## Exercise brief
In the data below, restate exactly the lines from the one with "Muu(t) tekijä(t): Aretta" to the final line, both included, but not the pictures.

# # # # # # #

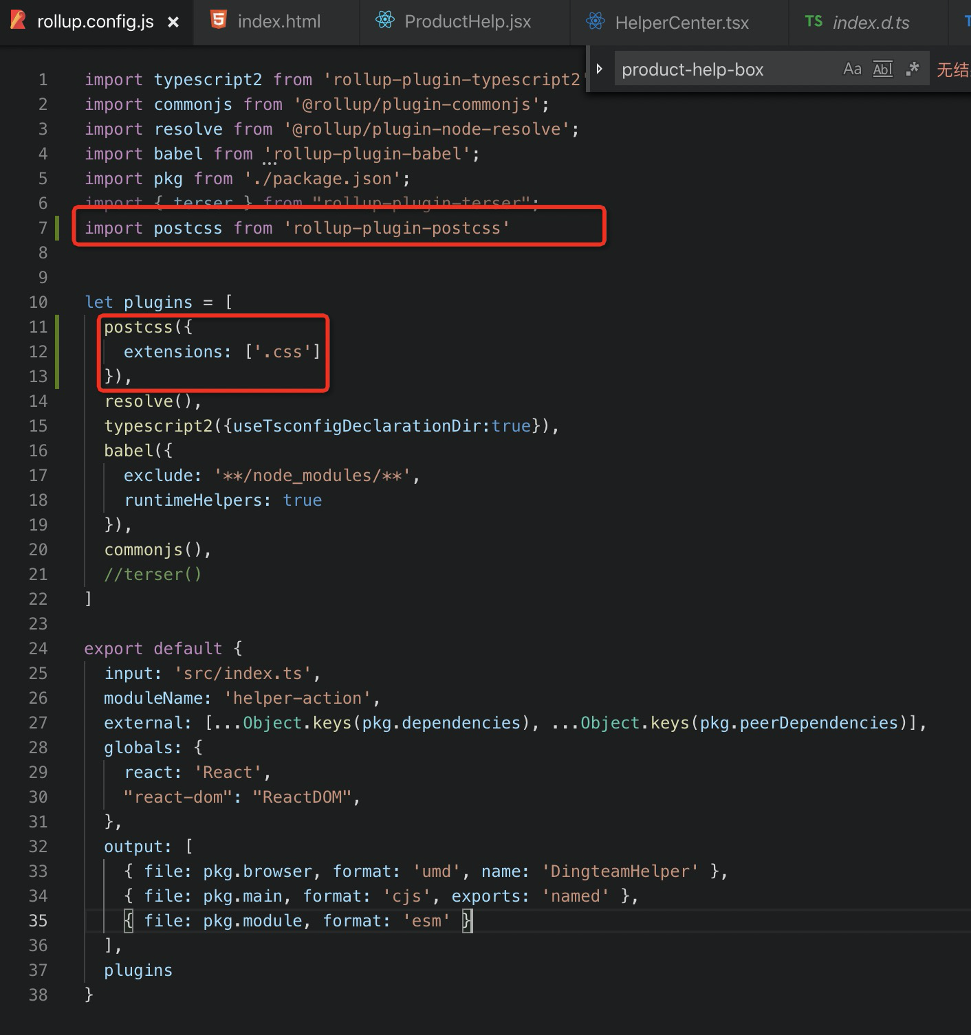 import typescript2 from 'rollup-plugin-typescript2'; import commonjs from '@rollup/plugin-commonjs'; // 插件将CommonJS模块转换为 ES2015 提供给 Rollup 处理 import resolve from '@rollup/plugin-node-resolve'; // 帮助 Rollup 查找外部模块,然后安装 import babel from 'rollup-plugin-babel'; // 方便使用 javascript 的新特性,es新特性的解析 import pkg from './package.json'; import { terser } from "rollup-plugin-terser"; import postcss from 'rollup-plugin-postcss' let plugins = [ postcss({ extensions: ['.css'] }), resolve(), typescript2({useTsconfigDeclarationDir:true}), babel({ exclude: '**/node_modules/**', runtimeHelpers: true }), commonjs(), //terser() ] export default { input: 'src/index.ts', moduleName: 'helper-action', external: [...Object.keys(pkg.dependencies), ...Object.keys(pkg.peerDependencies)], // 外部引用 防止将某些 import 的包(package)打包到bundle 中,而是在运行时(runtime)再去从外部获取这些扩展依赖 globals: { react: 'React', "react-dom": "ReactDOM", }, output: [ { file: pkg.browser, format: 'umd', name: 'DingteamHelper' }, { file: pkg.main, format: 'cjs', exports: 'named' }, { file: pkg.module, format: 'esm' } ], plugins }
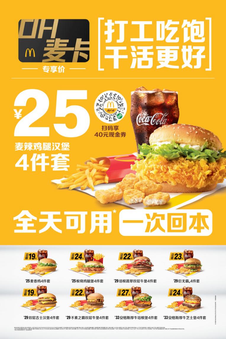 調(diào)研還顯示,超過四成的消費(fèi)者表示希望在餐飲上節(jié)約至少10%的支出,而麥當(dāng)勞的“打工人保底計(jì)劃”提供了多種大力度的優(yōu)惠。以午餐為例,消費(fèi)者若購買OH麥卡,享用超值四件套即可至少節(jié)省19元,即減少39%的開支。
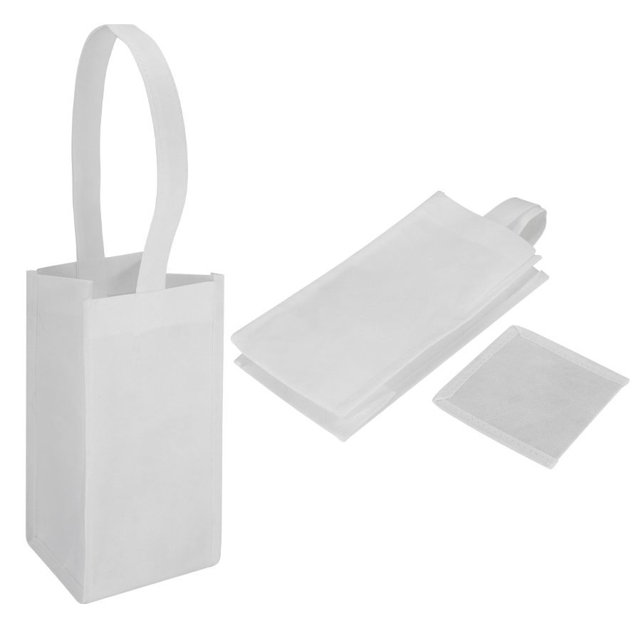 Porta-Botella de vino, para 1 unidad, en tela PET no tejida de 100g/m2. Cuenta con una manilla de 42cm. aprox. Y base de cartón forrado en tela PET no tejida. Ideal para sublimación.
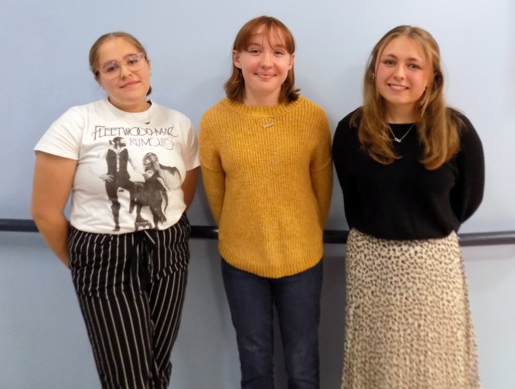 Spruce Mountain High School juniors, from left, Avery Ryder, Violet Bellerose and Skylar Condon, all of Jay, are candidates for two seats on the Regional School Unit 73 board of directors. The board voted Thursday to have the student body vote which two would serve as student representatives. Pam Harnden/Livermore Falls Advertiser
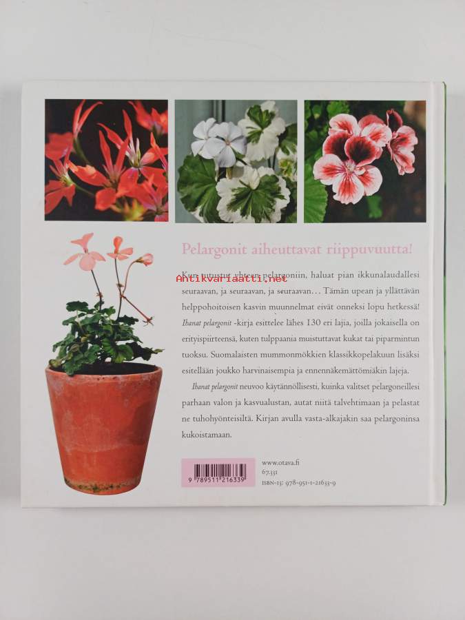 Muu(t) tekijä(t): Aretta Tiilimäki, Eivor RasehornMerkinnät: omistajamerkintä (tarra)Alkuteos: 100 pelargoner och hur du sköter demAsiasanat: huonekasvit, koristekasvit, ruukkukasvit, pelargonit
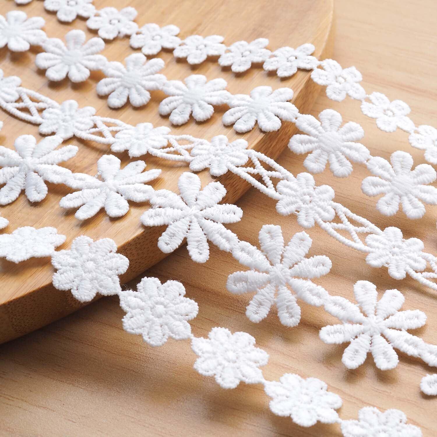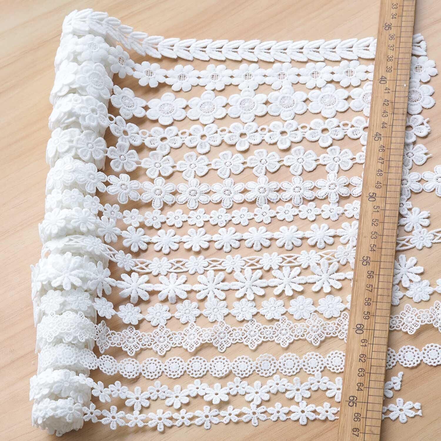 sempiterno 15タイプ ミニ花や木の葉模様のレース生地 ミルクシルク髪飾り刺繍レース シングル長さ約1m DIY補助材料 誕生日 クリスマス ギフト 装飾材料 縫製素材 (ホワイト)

# # # # # # #

## Answer to the problem
 Muu(t) tekijä(t): Aretta Tiilimäki, Eivor RasehornMerkinnät: omistajamerkintä (tarra)Alkuteos: 100 pelargoner och hur du sköter demAsiasanat: huonekasvit, koristekasvit, ruukkukasvit, pelargonit
 sempiterno 15タイプ ミニ花や木の葉模様のレース生地 ミルクシルク髪飾り刺繍レース シングル長さ約1m DIY補助材料 誕生日 クリスマス ギフト 装飾材料 縫製素材 (ホワイト)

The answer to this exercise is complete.